• _What this task involves_
Take the entries below and reproduce exactly the portion that begins at the line containing "території заходу України." and ends at the line containing "minhas sessões, é", keeping both ends, dropping pictures, and adding nothing else.

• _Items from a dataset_

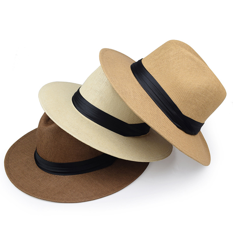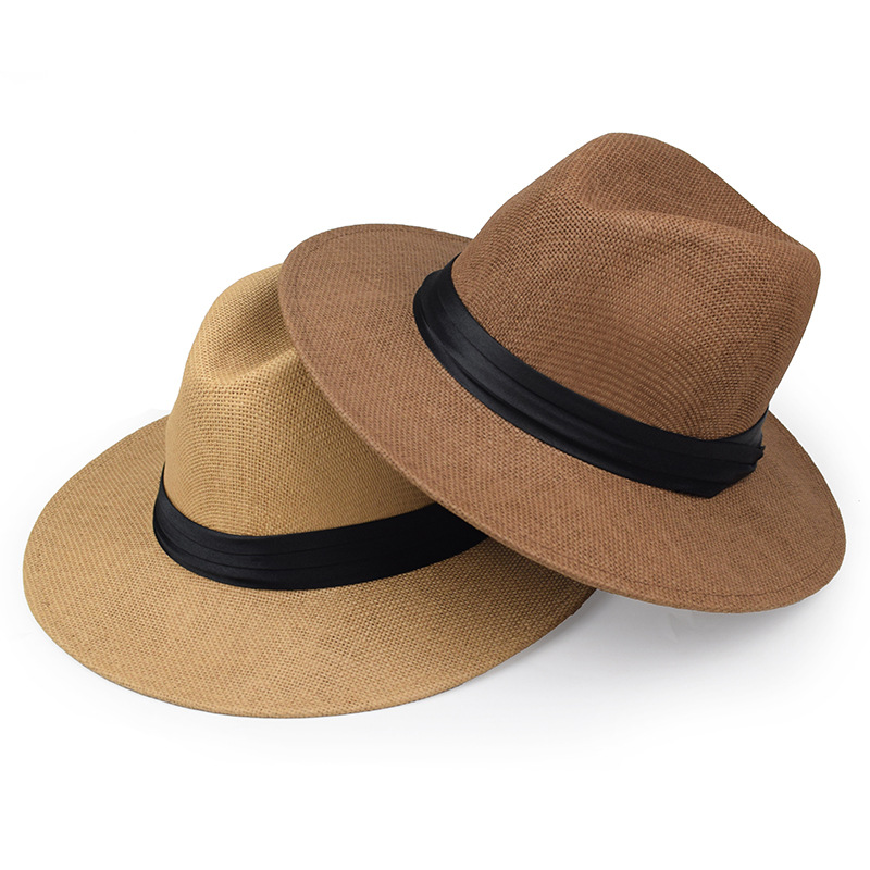 春夏大檐草帽海边旅游透气凉帽沙滩遮阳帽休闲爵士帽子爸爸钓鱼帽
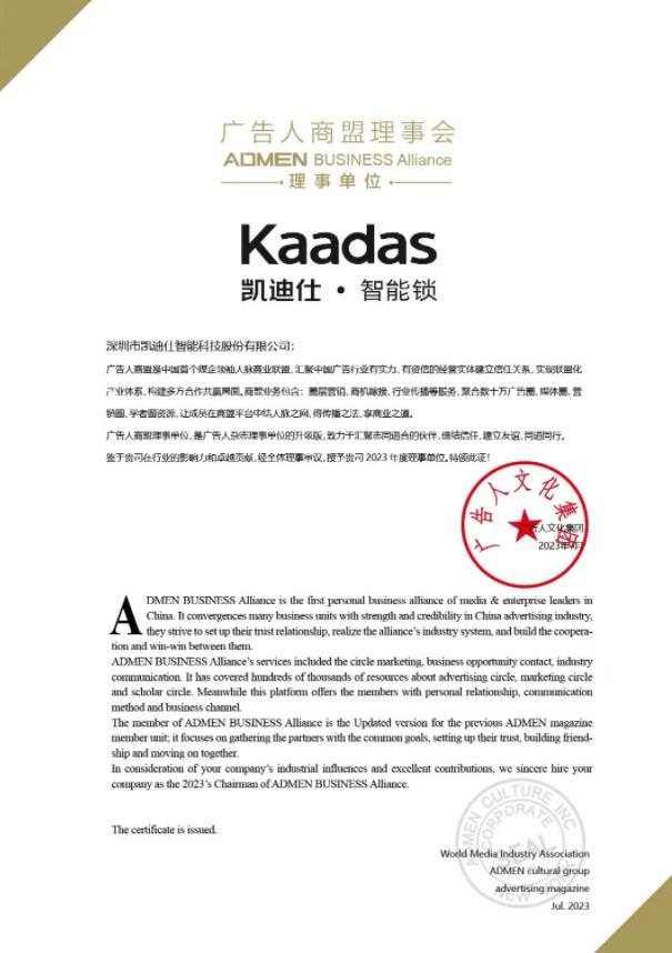 盛(sheng)會首日(ri),Kaadas凱迪仕被授(shou)予“2023年(nian)度廣(guang)告人(ren)商(shang)盟理(li)事會理(li)事單(dan)位”榮譽稱号、Kaadas凱迪仕“一(yi)眼鎖定你”案例獲得2023年(nian)度“第十二屆ADMEN國(guo)際(ji)大(da)獎·整郃(he)營(ying)銷類實戰金案”、Kaadas凱迪仕集(ji)團(tuán)董事長(zhang)蘇祺雲先(xian)生(sheng)獲得“2023當代(dai)中(zhong)國(guo)品(pin)牌傑出青年(nian)才(cai)俊”大(da)獎。凱迪仕一(yi)舉包攬三大(da)重(zhong)磅榮譽,涵蓋(gai)齊(qi)業、案例、人(ren)物(wù)三大(da)闆塊,綜郃(he)實力(li)再獲多(duo)方(fang)認可(kě)。
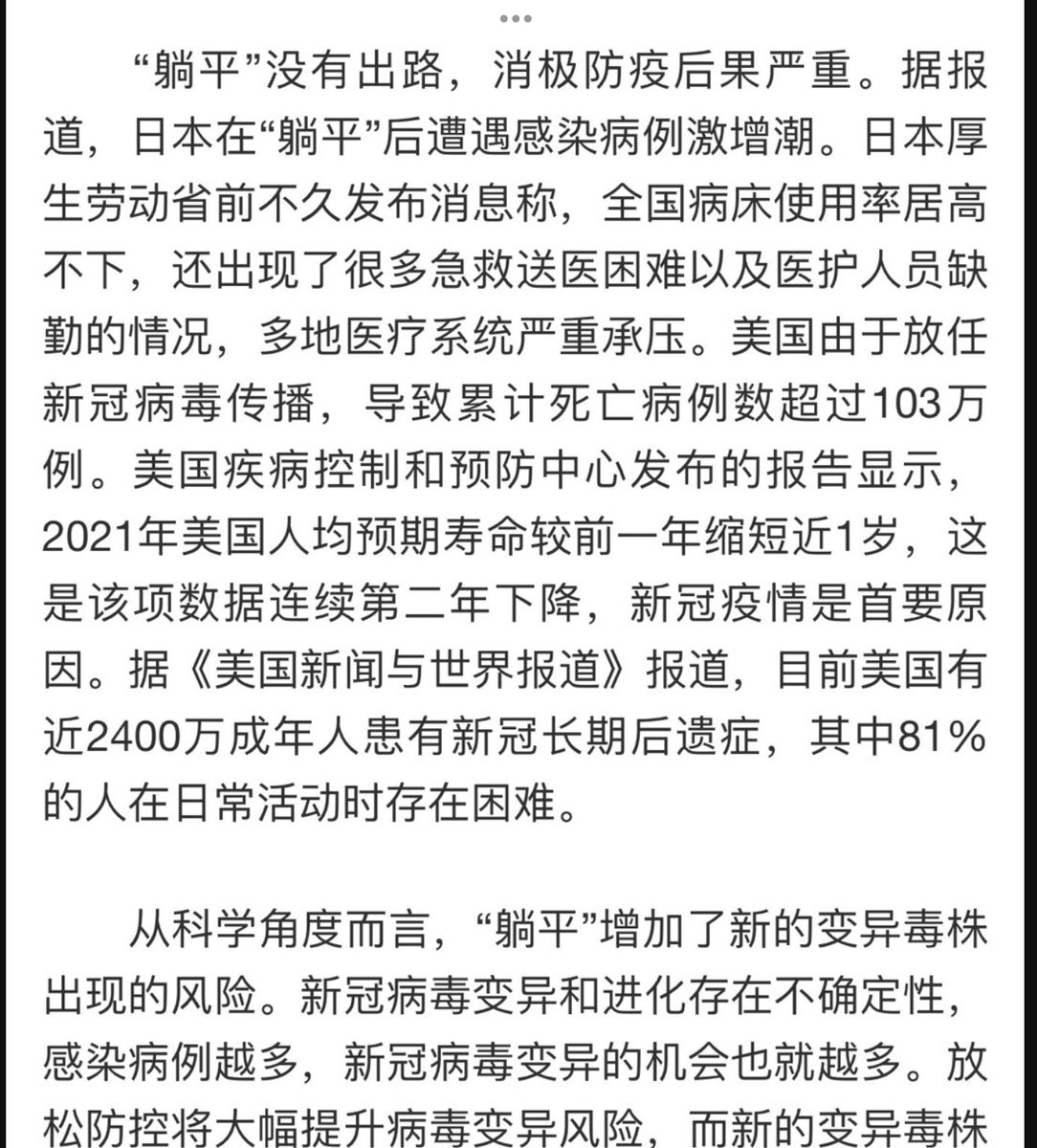 此官文把防疫爱好者的观点集中了一遍先是关爱老人(孩子)然后开始巴拉巴拉美国死100万日本医疗崩溃进而暗示都是外国不清零搞得病毒不停变异最后骄傲一下我们清零是因为我们有能力,外国拉垮做不到总结:赢麻继续偷乐
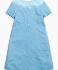 Платье для девочек. Платье джинсовое А-силуэта; втачной рукав; вырез горловины в форме лодочки; по переду изделия горизонтальное членение, где расположены карманы; застежка по спинке на кнопках. Состав: 100%хлопок
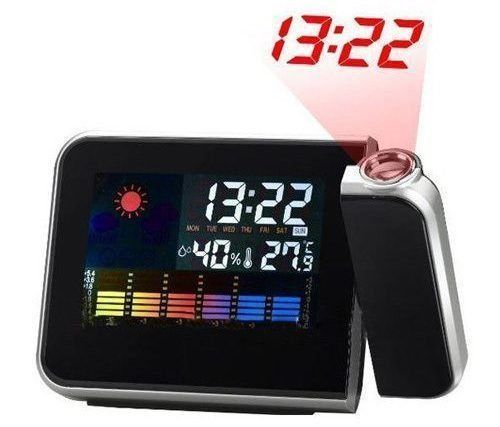 Station numérique météorologique domestique avec sortie des paramètres de température et de temps au plafond ou au mur. Le gadget original est fabriqué dans un design ergonomique et compact. Son alimentation provient de piles rechargeables. Produit et affiche des calculs : heure, date, température et humidité de l'air intérieur et extérieur. La portée de son capteur sans fil en espace ouvert est jusqu'à 42 mètres. Prix moyen : à partir de 1880 roubles.
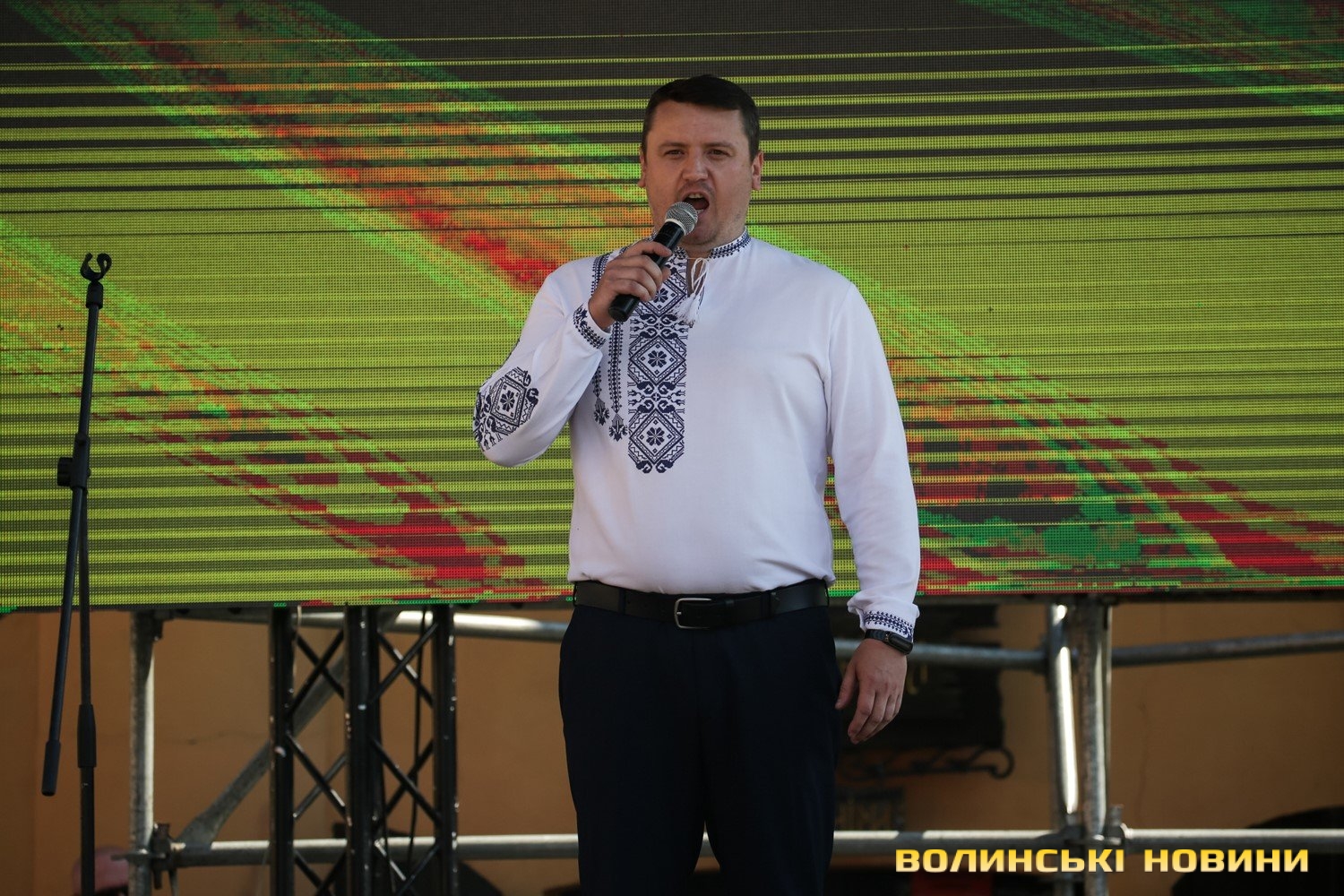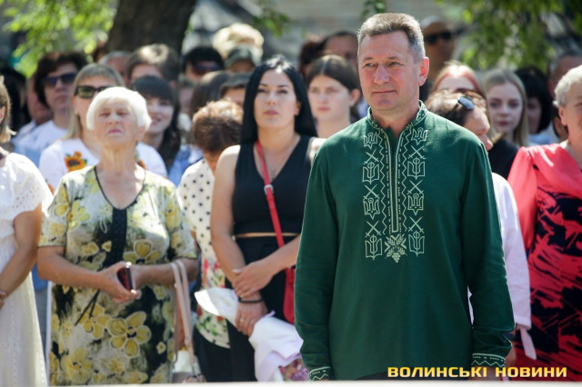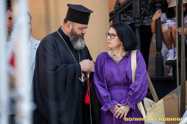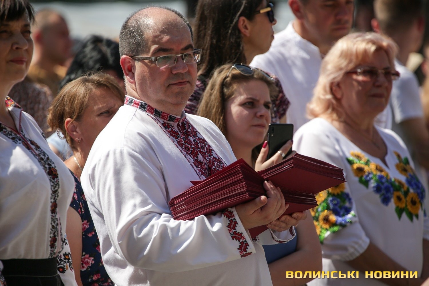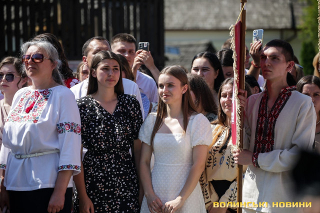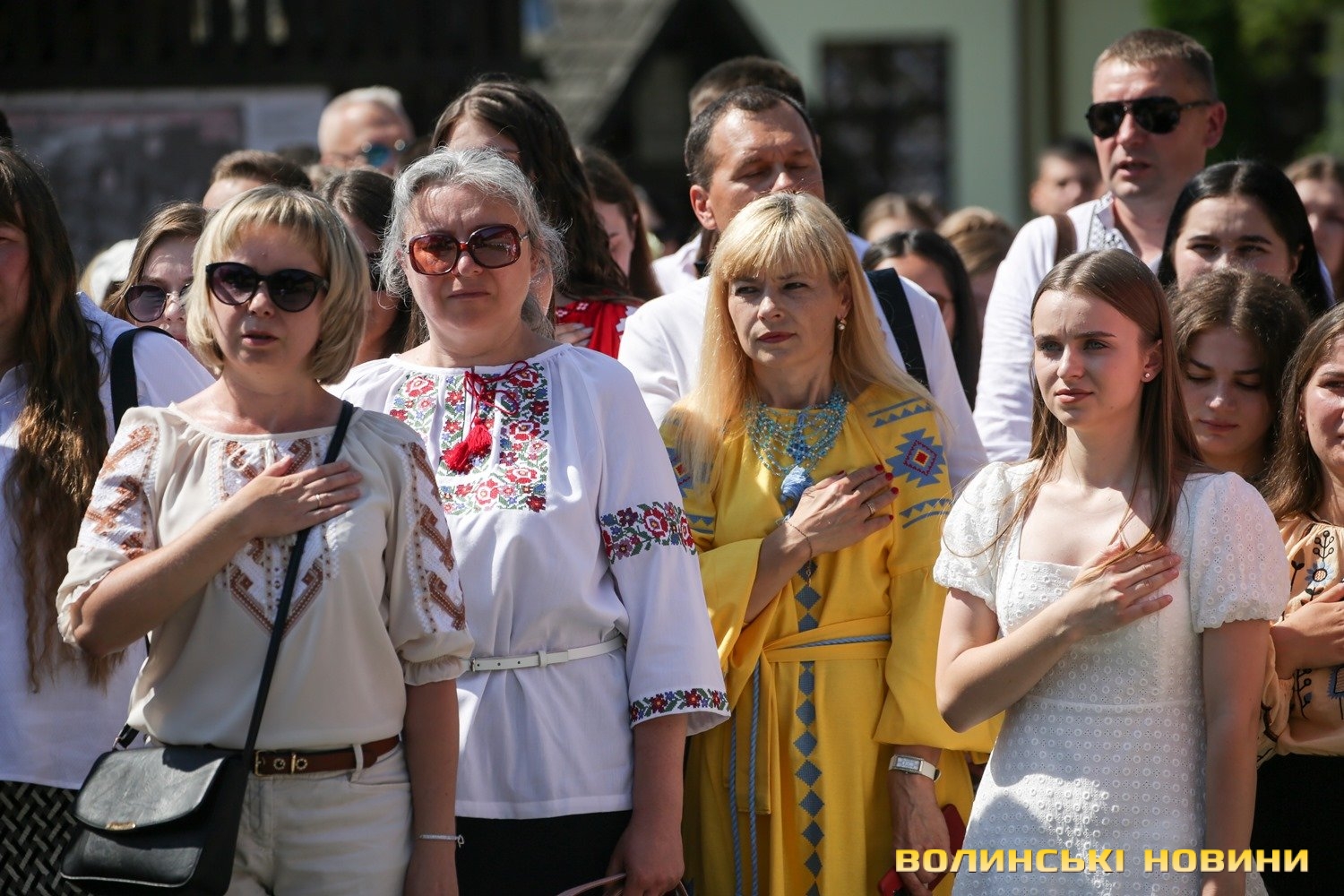 «Ви нарешті отримаєте папір, складений вдвоє, адже слово «диплом» саме так і перекладається. З цього місця, де ви стоїте, є дві дороги: перша – наукова, тобто вступ у магістратуру, друга – на вінчання в храм. Хай яку ви оберете, нехай вона буде для вас щасливою у нашій Україні», – побажав владика.Не обійшлося дійство і без привітання ректора ВНУ Анатолія Цьося, який розповів про успіхи університету в нелегкий час. Він також пригадав, що 16 липня 1993 року було підписано указ президента про створення Волинського державного університету імені Лесі Українки, що дозволило суттєво поліпшити освіту на території заходу України.
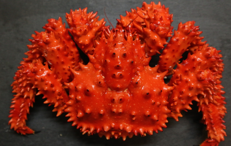 特徴 甲羅・ 鋏脚 ・歩脚に鋭い突起で覆われ三対で太く短い雌の腹部が右側に捻れ、左側だけに腹脚がある。体色は活の時は暗赤紫色で、茹でると鮮やかな赤色。
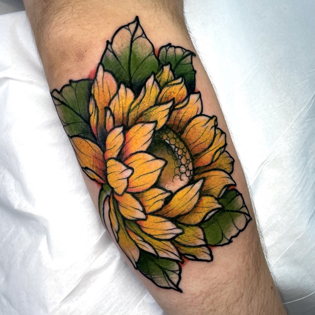 “Nas minhas sessões, é comum o(a) cliente ter um dia de “princesa(o)” hahaha, geralmente são sessões que tomam um dia de trabalho, pois começamos o dia com a sessão de freehand, onde discutimos sobre o desenho e desenhamos direto na pele, com o cliente de acordo, é feito uma pausa (almoço, lanche, café..) e depois voltamos para a sessão de tatuagem que pode durar de 2 a 4h.”
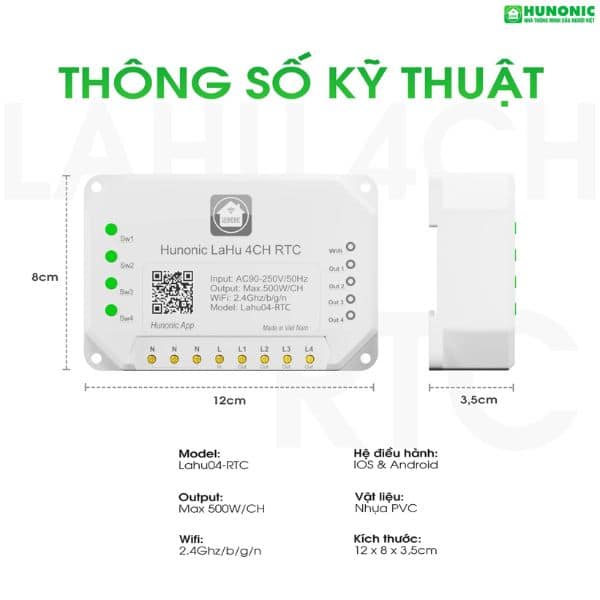 Hunonic là thương hiệu Việt Nam nổi tiếng với các thiết bị nhà thông minh, đặc biệt là công tắc thông minh cho máy bơm, nhà xưởng và hệ thống chiếu sáng. Lahu 04 RTC kết hợp tính năng hẹn giờ chính xác, kết nối Wifi + Bluetooth, an toàn và độ bền cao, đáp ứng nhu cầu thực tế tại Việt Nam. Đây là lựa chọn hoàn hảo cho những ai tìm kiếm một công tắc thông minh ổn định, bền bỉ và dễ sử dụng.
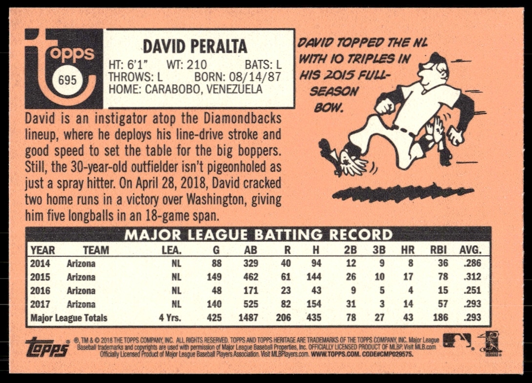This BaseballΒ card, from 2018 is part of the Topps Heritage High NumberΒ card set. David Peralta is featured and has a card number of 695.
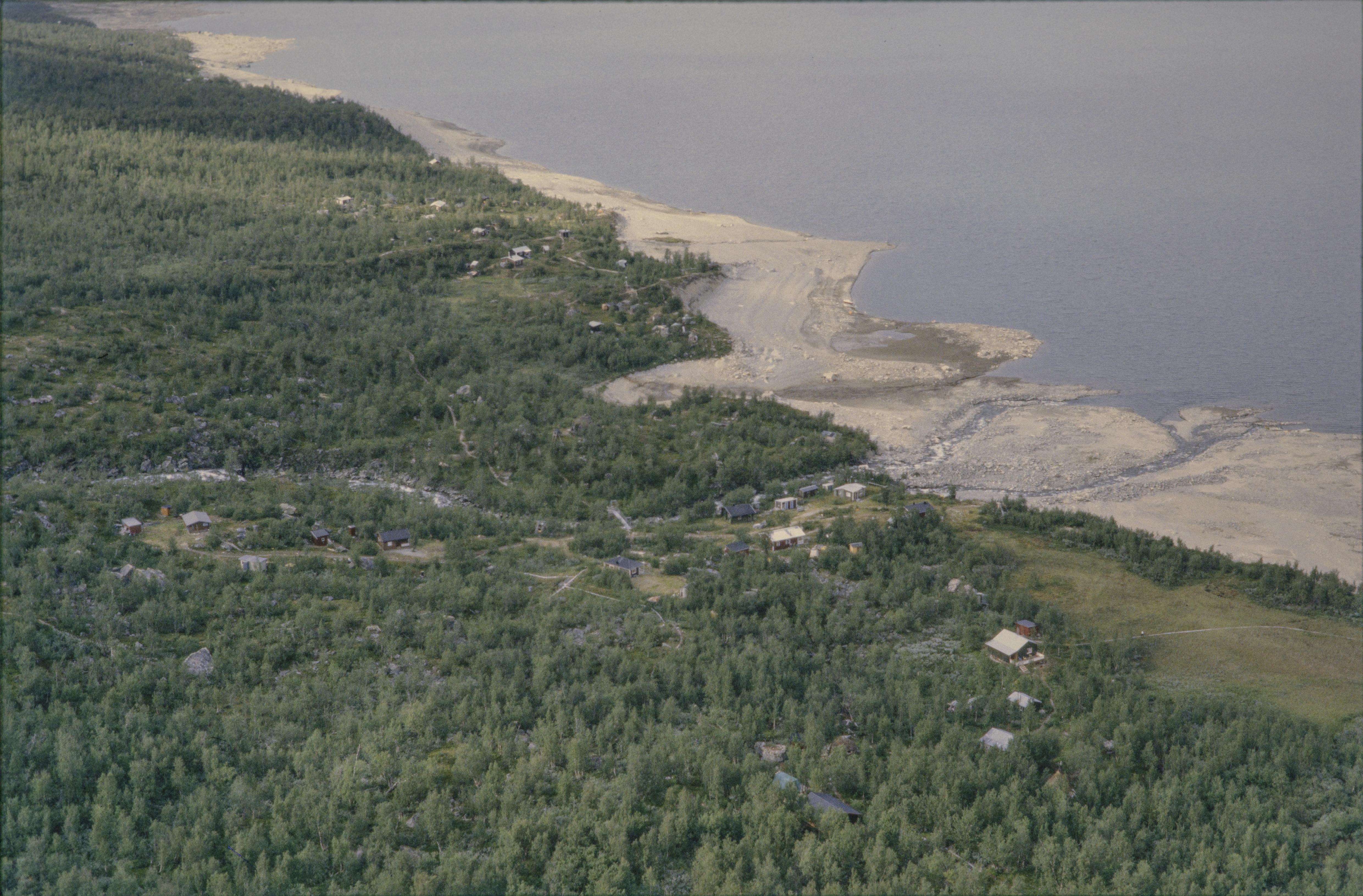 Beskrivning: Vaisaluokta (Vájsáluokta) sommarviste (för Karesuandosamer) vid sjöarna Akkajaure (Áhkájavrre) och Ritsenjaure (Rijtsemjávrre). Torvkåteläger med Vaisaluokta Kåtakyrka. Nere till vänster härd RAÄnr Jokkmokk 3434:1-2. Bilden är tagen mot (väderstreck): NO

• _Answer area_
 «Ви нарешті отримаєте папір, складений вдвоє, адже слово «диплом» саме так і перекладається. З цього місця, де ви стоїте, є дві дороги: перша – наукова, тобто вступ у магістратуру, друга – на вінчання в храм. Хай яку ви оберете, нехай вона буде для вас щасливою у нашій Україні», – побажав владика.Не обійшлося дійство і без привітання ректора ВНУ Анатолія Цьося, який розповів про успіхи університету в нелегкий час. Він також пригадав, що 16 липня 1993 року було підписано указ президента про створення Волинського державного університету імені Лесі Українки, що дозволило суттєво поліпшити освіту на території заходу України.
 特徴 甲羅・ 鋏脚 ・歩脚に鋭い突起で覆われ三対で太く短い雌の腹部が右側に捻れ、左側だけに腹脚がある。体色は活の時は暗赤紫色で、茹でると鮮やかな赤色。
 “Nas minhas sessões, é comum o(a) cliente ter um dia de “princesa(o)” hahaha, geralmente são sessões que tomam um dia de trabalho, pois começamos o dia com a sessão de freehand, onde discutimos sobre o desenho e desenhamos direto na pele, com o cliente de acordo, é feito uma pausa (almoço, lanche, café..) e depois voltamos para a sessão de tatuagem que pode durar de 2 a 4h.”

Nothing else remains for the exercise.